Symmetry (Feb 2022)
Adaptive Memory-Controlled Self-Attention for Polyphonic Sound Event Detection
Abstract
Polyphonic sound event detection (SED) is the task of detecting the time stamps and the class of sound event that occurred during a recording. Real life sound events overlap in recordings, and their durations vary dramatically, making them even harder to recognize. In this paper, we propose Convolutional Recurrent Neural Networks (CRNNs) to extract hidden state feature representations; then, a self-attention mechanism using a symmetric score function is introduced to memorize long-range dependencies of features that the CRNNs extract.

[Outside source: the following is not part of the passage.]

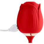 Both the Rose and the Stem end work independently of each other. The two buttons on the side of the Rose serve as both Power and function control for both stimulators. The top most button operates the Rose, while the bottom button operates the Stem. Press and hold the button of the chosen stimulator until the button lights – the device is now in standby mode. Press the same button again and that stimulator will begin to either pulse air or thrust. Cycle through each of the 10 settings in the same manner. Press and hold the same button to turn off the power. Both the Rose and the Stem ends can be operated independently or at the same time.

Furthermore, we propose to use memory-controlled self-attention to explicitly compute the relations between time steps in audio representation embedding. Then, we propose a strategy for adaptive memory-controlled self-attention mechanisms. Moreover, we applied semi-supervised learning, namely, mean teacher–student methods, to exploit unlabeled audio data. The proposed methods all performed well in the Detection and Classification of Acoustic Scenes and Events (DCASE) 2017 Sound Event Detection in Real Life Audio (task3) test and the DCASE 2021 Sound Event Detection and Separation in Domestic Environments (task4) test. In DCASE 2017 task3, our model surpassed the challenge’s winning system’s F1-score by 6.8%. We show that the proposed adaptive memory-controlled model reached the same performance level as a fixed attention width model. Experimental results indicate that the proposed attention mechanism is able to improve sound event detection. In DCASE 2021 task4, we investigated various pooling strategies in two scenarios. In addition, we found that in weakly labeled semi-supervised sound event detection, building an attention layer on top of the CRNN is needless repetition. This conclusion could be applied to other multi-instance learning problems.